* [Task instructions] Return the listing exactly, please; no pictures.

* [Available data]
========================================================================

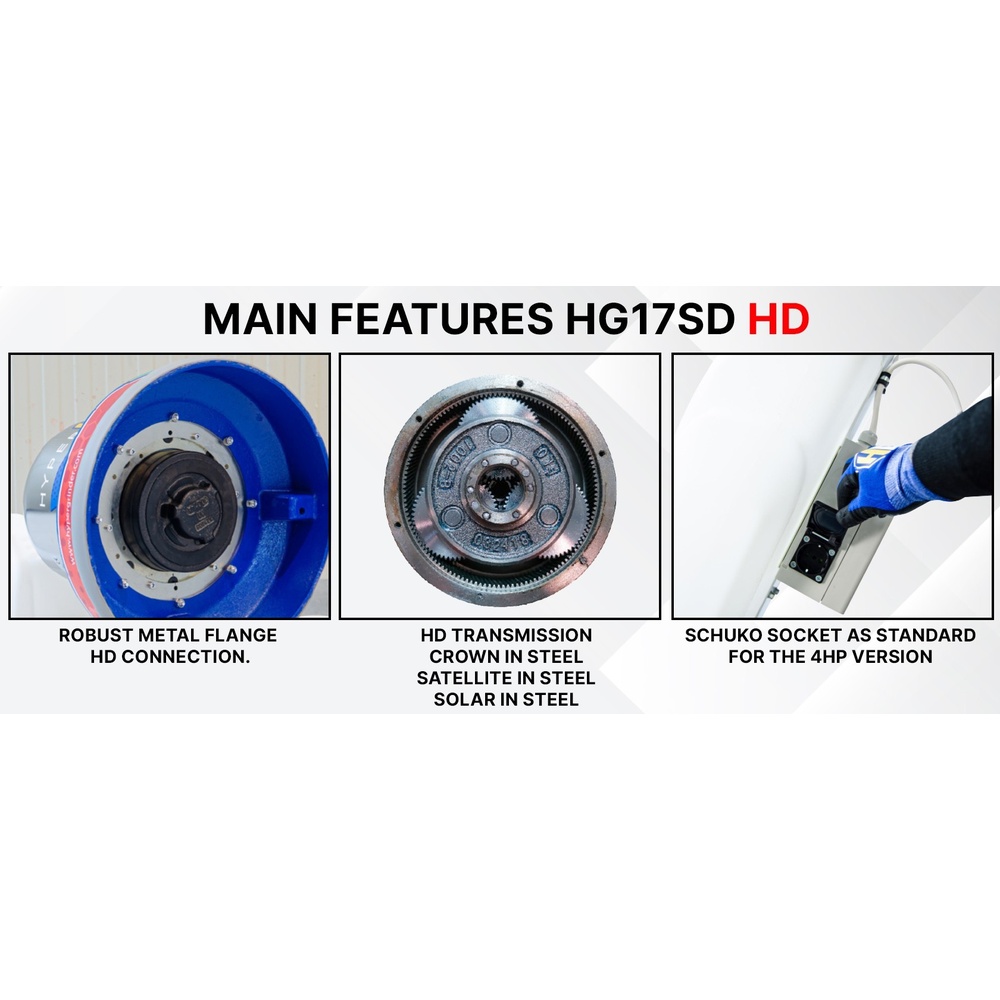 HG17SD HD METAL: Suitable for heavy-duty applications. The METAL model with a helical gear reducer is the ideal solution for daily cleaning, offering unprecedented simplicity and speed. This single-disc machine is extremely versatile and highly maneuverable, perfectly adaptable to any type of floor surface, from linoleum to porcelain stoneware tiles, as well as resin floors, porphyry, granite, and concrete. With the HG17SD METAL, there is no surface you can’t work on! Its excellent performance guarantees efficient usage and a shiny result on every surface.
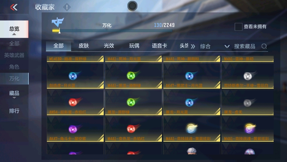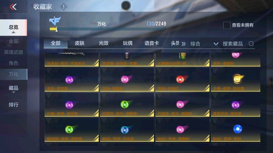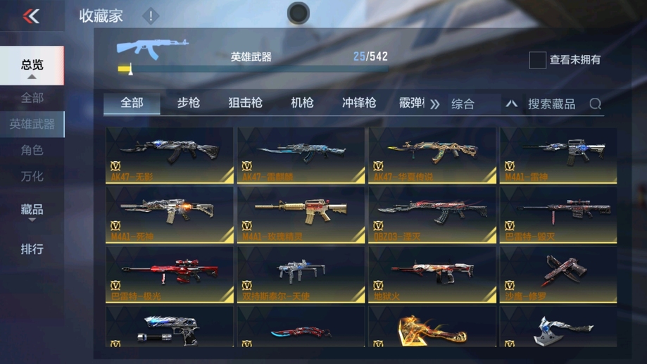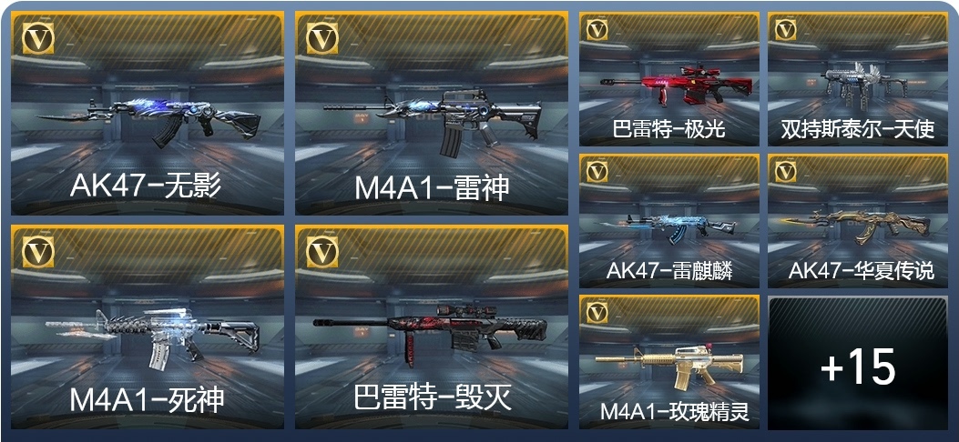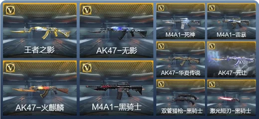 巴雷特-毀滅,M4A1-死神,巴雷特-極光,M4A1-雷神,AK47-無影,雙持斯泰爾-天使,M4A1-玫瑰精靈,AK47-雷麒麟,AK47-華夏傳說,QBZ03-湮滅,地獄火,沙鷹-修羅,沙鷹-無影,戰斧-無影,百戰巾幗槍,擎天覺醒,馬來劍-毀滅,蝴蝶刀-極光,血陽,龍嘯,黑武士閃光彈,黑武士手雷,黑武士煙霧彈,燃燒彈-遊騎兵
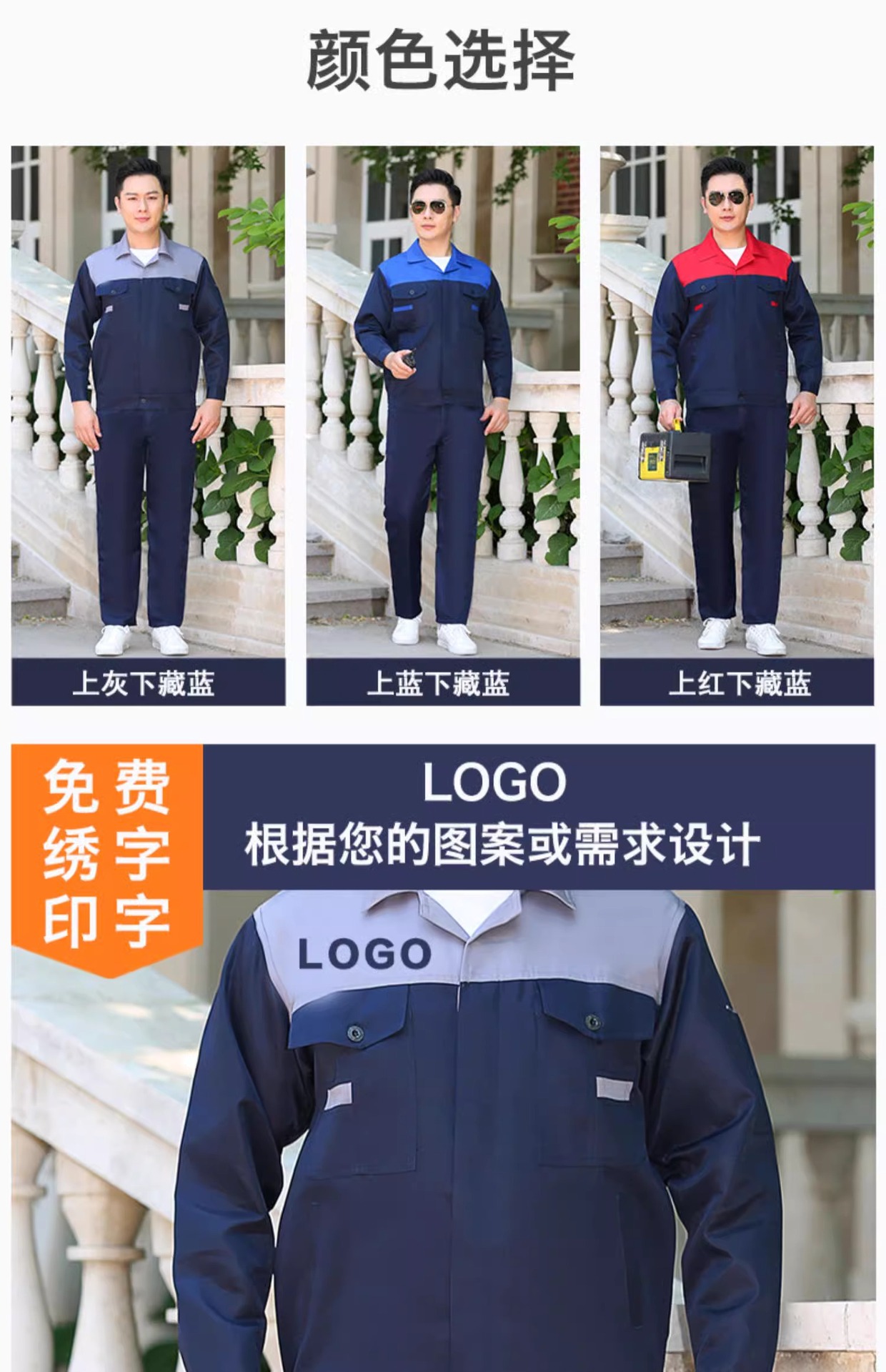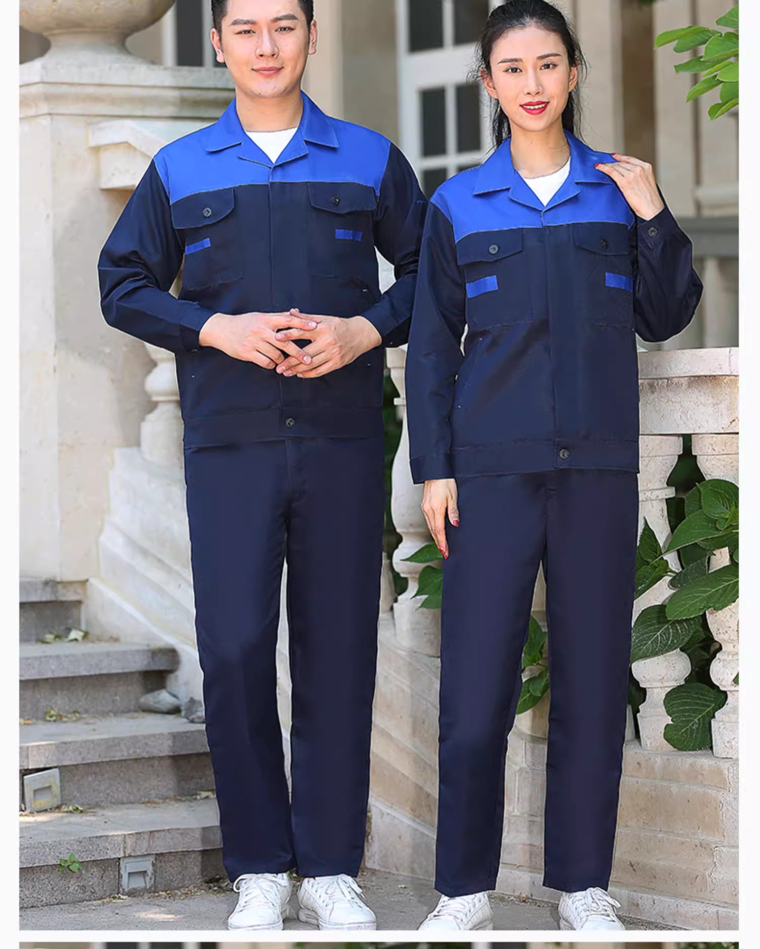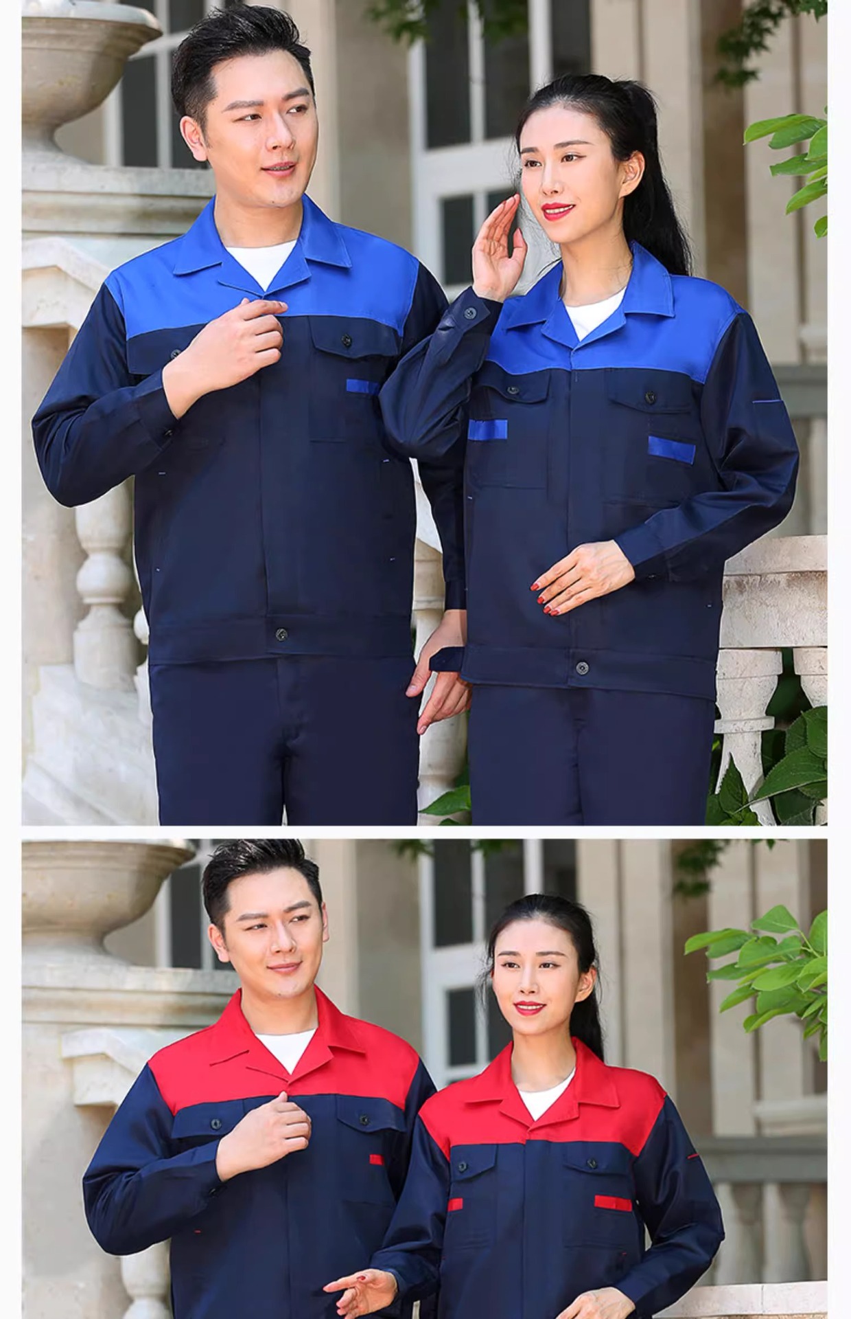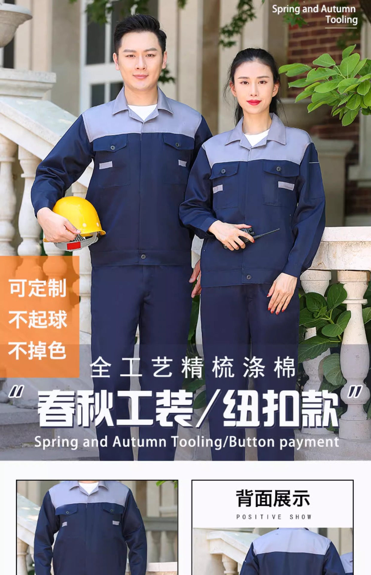 Trajes de trabajo masculinos primavera y otoño botones resistentes al desgaste taller de fábrica de ropa de protección laboral de manga larga ropa de trabajo personalizada / hecha

========================================================================

* [Solution to the problem]
 HG17SD HD METAL: Suitable for heavy-duty applications. The METAL model with a helical gear reducer is the ideal solution for daily cleaning, offering unprecedented simplicity and speed. This single-disc machine is extremely versatile and highly maneuverable, perfectly adaptable to any type of floor surface, from linoleum to porcelain stoneware tiles, as well as resin floors, porphyry, granite, and concrete. With the HG17SD METAL, there is no surface you can’t work on! Its excellent performance guarantees efficient usage and a shiny result on every surface.
 巴雷特-毀滅,M4A1-死神,巴雷特-極光,M4A1-雷神,AK47-無影,雙持斯泰爾-天使,M4A1-玫瑰精靈,AK47-雷麒麟,AK47-華夏傳說,QBZ03-湮滅,地獄火,沙鷹-修羅,沙鷹-無影,戰斧-無影,百戰巾幗槍,擎天覺醒,馬來劍-毀滅,蝴蝶刀-極光,血陽,龍嘯,黑武士閃光彈,黑武士手雷,黑武士煙霧彈,燃燒彈-遊騎兵
 Trajes de trabajo masculinos primavera y otoño botones resistentes al desgaste taller de fábrica de ropa de protección laboral de manga larga ropa de trabajo personalizada / hecha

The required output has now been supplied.